By collaborating with thousands of universities and business schools globally, Emerald aims to share knowledge and spark debates that lead to positive change. With a strong commitment to people and innovation, Emerald supports a network of 500,000 researchers across 130 countries. Their website attracts over 109 million visitors annually, resulting in 30 million downloads each year.
The Challenge
Their existing on-premises data warehouse struggled to support the growing analytical demands necessary for new propositions, such as fully analysing data on article submission trends, author and institution information, and enabling AI integration within solutions. The dispersed nature of their data sources, with varying formats and inconsistent quality, limited their insights and hindered their ability to grow and expand. Recognising the need for a more robust and future proof solution, Emerald planned to transition to a cloud-based data platform to ensure sustainability, innovation and growth.
The Solution
After a competitive pitch against a number of data consultants, Oakland was selected based on our exceptional service quality and deep understanding of Emerald’s goals. Oakland’s infrastructure and expertise were well-aligned with Emerald’s vision for a future-ready data analytics platform.
The Goal
Oakland was tasked with building a cloud-based data analytics platform designed to propel Emerald into the future. This platform needed to provide comprehensive data governance and quality functionality, reconciling conflicting data from diverse sources. Key requirements included:
- Integration of both batch and streaming data from disparate source systems.

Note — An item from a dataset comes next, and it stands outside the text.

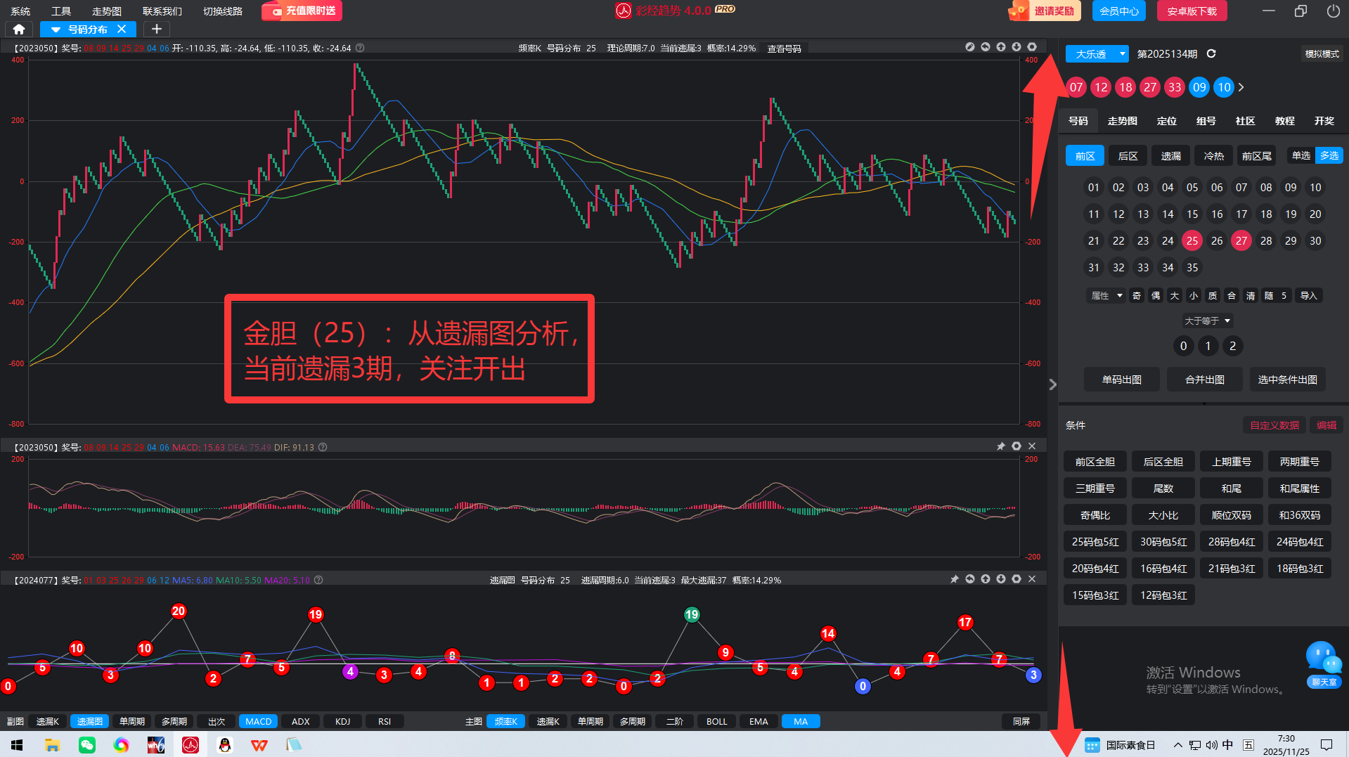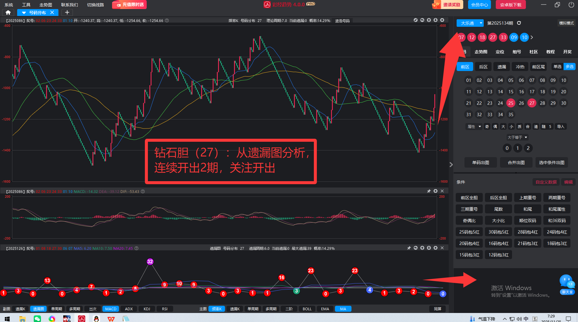 前区钻石胆27(备用胆25和14,可用于胆拖之用)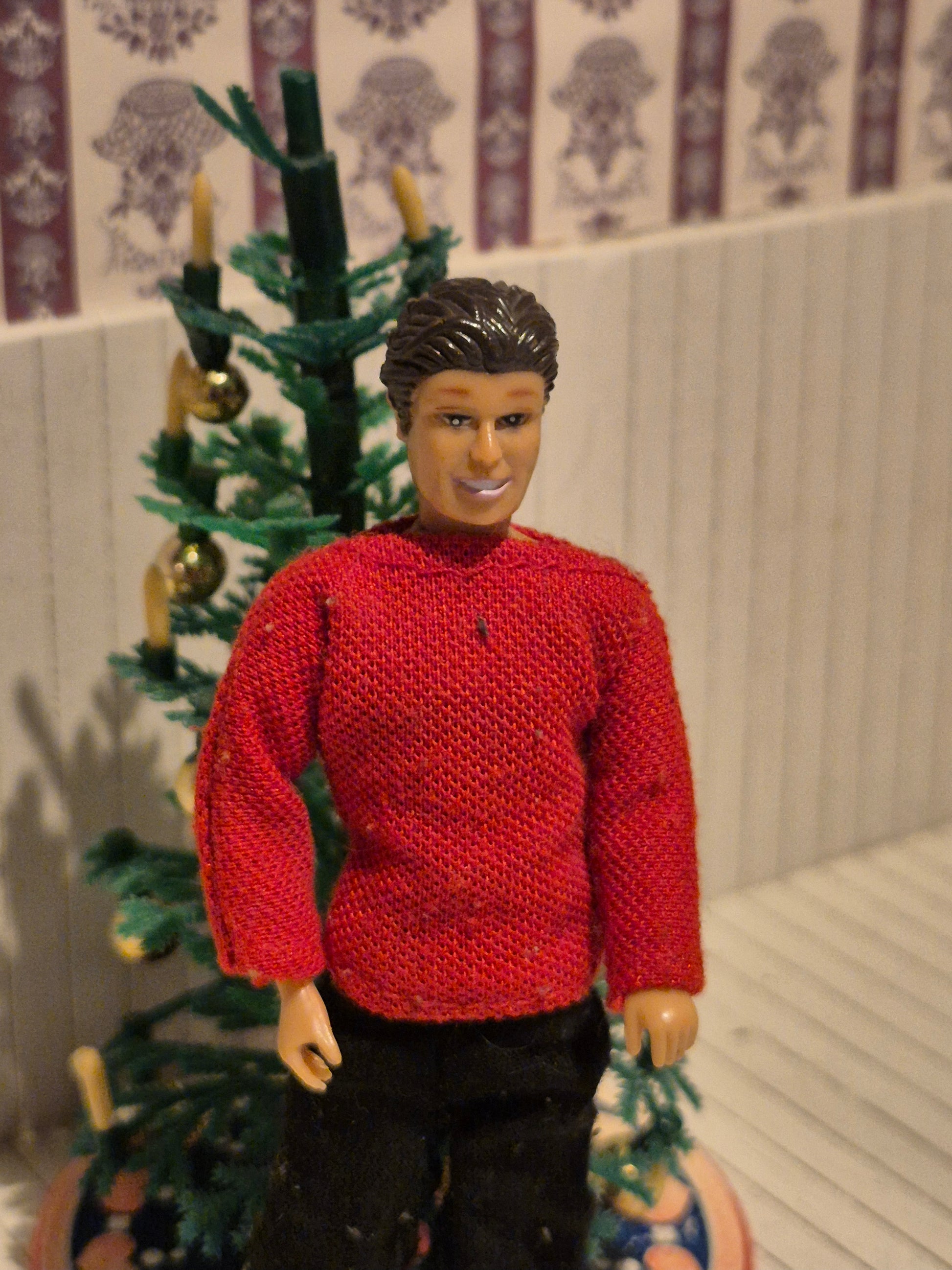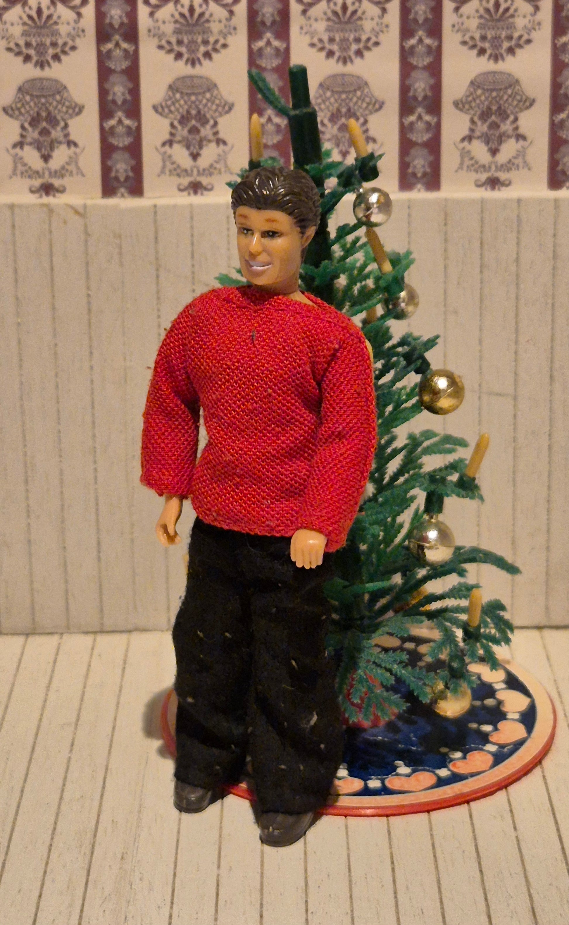 Fin Far dukke med mørkt hår, rød bluse og mørke bukser. Tøjet er originalt.

- Secure and robust departmental self-service reporting capabilities, alongside support for data science and future machine learning initiatives.
- Financial viability and supportability by a dedicated internal data squad.
- Significant reduction in manual effort for reporting, integration, and maintenance.
- Compliance with data privacy laws, particularly GDPR.
This project was not solely about technology; it also involved identifying the necessary people, skills, workflows, and processes to sustain and enhance the new platform. By addressing these multifaceted needs, Oakland aimed to empower Emerald Publishing to fully leverage their data, driving the business forward in a data-driven publishing landscape.
Tailoring the solution
At Oakland, each data platform is designed around an organisation’s unique business challenges and technology landscape. By replicating Emerald’s existing on-premises data warehouse and then scaling capabilities, we set about architecting a solution that could be launched quickly but also be built upon to deliver future data and AI capabilities.
The analytics platform was built using the ‘Oakland Modular Platform’. These modular templates allowed us to quickly customise the platform to fit the requirements while dramatically reducing build time from months to weeks. The templates also ensured best practices gained from years of experience in building data platforms were followed, reducing the risk of missing estimated delivery dates.
The Technical Components

Delivering a Microsoft Azure Platform
When Emerald Publishing sought to modernise its data infrastructure, Oakland was tasked with designing a cloud-based data analytics platform that would not only meet immediate needs but also future-proof the organisation in an evolving digital landscape. The technology choices we made were critical to ensuring the platform’s success and scalability.
Microsoft Azure
Microsoft Azure offers a range of benefits for building a data platform, making it a popular choice for organisations looking to modernise their data infrastructure.
Azure offered:
- Scalability: Azure allows you to scale resources up or down based on your needs, ensuring cost-efficiency and performance optimisation.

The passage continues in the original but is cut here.